Every summer girls flock to their TVs on Mondays to watch as one lucky lady chooses from twenty five of the most eligible bachelors, hoping to find her soul mate by the end. This year’s Andi Dorfman was our personal fave on Season 10 of The Bachelor before Juan Pablo decided to break her poor little heart. It’s okay, she can do WAY better anyways.
Last night was not without it’s controversies, with a “surprise” (not staged at all, *cough*) visit from Chris Bukowski and a dozen roses. Unfortunately, Chris experienced the ultimate REJECTION, as everyone’s favorite person of the night, the security guard, joked “my wife is going to love me tonight” after confiscating the bouquet and sending him on his merry way.
Either way, Andi has some pretty eligible dudes after her, which means they need to be ranked.

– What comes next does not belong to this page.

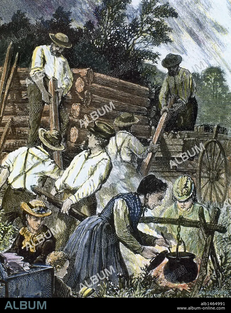 HISTORIA DE LOS ESTADOS UNIDOS DE AMERICA. S. XIX. COLONOS recién llegados al Oeste construyendo sus casas en las nuevas tierras (1874). Grabado coloreado.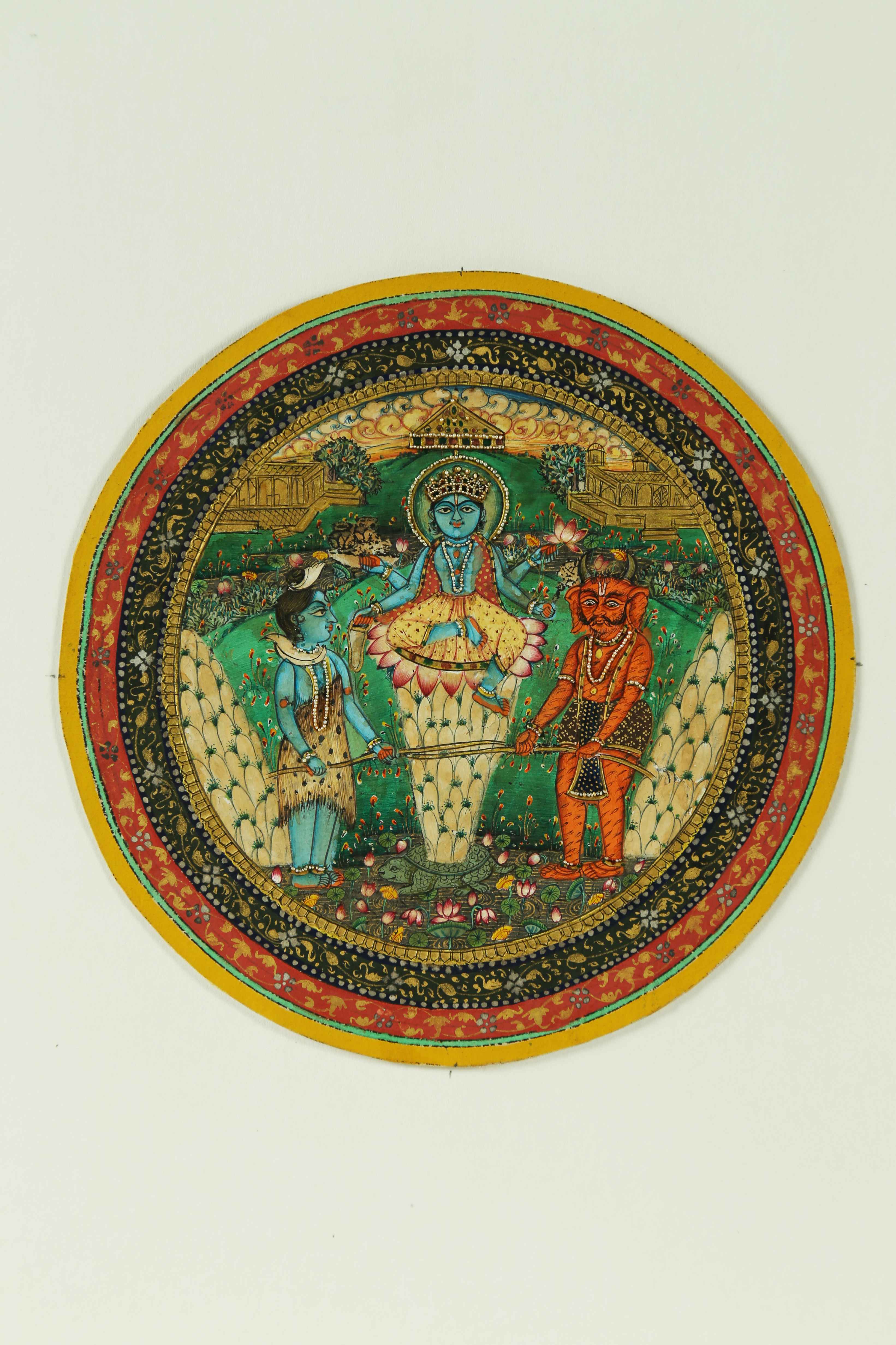 Arte Indiana Reliquario portatile raffigurante il frullamento dell'oceano di latte India, Jaipur, metà XIX secolo Pigmenti naturali, oro e perline su carta . -. Cm 15,00. Montato su passepartout: 33 X 33 cm

Unfortunately, five guys were already cut last night, so we will not include them (AKA we forgot their names already, except for Amil because LOL.) Here are our picks (from worst to best):
#20: Bradley the Opera Singer (?)
Basically the male version of Sharleen from The Bachelor but he actually sang on command and we really wish he hadn’t.
#19: Patrick
Nice tan, bad ‘tude.
#18: Craig
Hello, everyone, this is Craig and he is a contestant on this season of The Bachelorette.
#17: Brett
A+ for bringing a lamp in the limo, dude, but what’s with the hair?
#16: Nick V.
Somehow Nick V snagged the first impression rose but like HE DIDN’T EVEN GIVE HER COOKIES. Like, come on. (see #4.)
#15: Ron
Poor Ron couldn’t get a word in edgewise because cookies and lamp but we’re still rooting for him.
#14: JJ
LOL “pantsapreneur.”
#13: Andrew
Social media marketer and BFF to Patrick because they are “of a higher caliber than everyone else in the house.” Kay bye.
#12: Dylan
“Favorite Drink: Apple Juice” XOXOXOXO
#11: Nick S. the Golfer
But, like, where did he get the putt putt course!?

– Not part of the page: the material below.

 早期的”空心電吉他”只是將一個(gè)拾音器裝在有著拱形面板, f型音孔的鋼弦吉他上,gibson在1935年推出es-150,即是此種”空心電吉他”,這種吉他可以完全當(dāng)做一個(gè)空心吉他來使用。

#10: Steven the Snowboarder
So much flow but so little personality. Sigh.
#9: Cody (Macklemore?)
Yeah, he’s a little too tan and he’s not the REAL Macklemore but he IS a personal trainer, which means that when we hit our first shirtless scene he will IMMEDIATELY BECOME EVERYONE’S FAVORITE.
#8: Carl
Carl is a firefighter. Need we say more.
#7: Brian
Sensitive, loves kids, favorite book is The Notebook. *heart eyes emoji*.
#6: Tasos
Maybe the only man in the whole world who can make the phrase “Can I have a glass of water with ice” sound hot. And gauges. Which are like NEVER hot. Also his name rhymes with tacos.
#5: Marcus
Because who wears a tie to this thing, anyways? But really, he can take us to Poland to meet his parents any day now.
#4: Marquel
The man brought COOKIES to the party. COOKIES. Last time we checked, cookies = first impression rose. Confused.
#3: Chris
Let’s be honest, we all pictured that scene from Can’t Buy Me Love when Chris the farmer stepped out of that limo. *Swoon*.
#2: Josh M.
Andi: “He’s totally my type.” Um, duh, girl; tall, dark, handsome professional baseball player is EVERYONE’S type.
#1: Eric
R.I.P. :(
But really, we love Andi and wish her the best of luck. And Amil.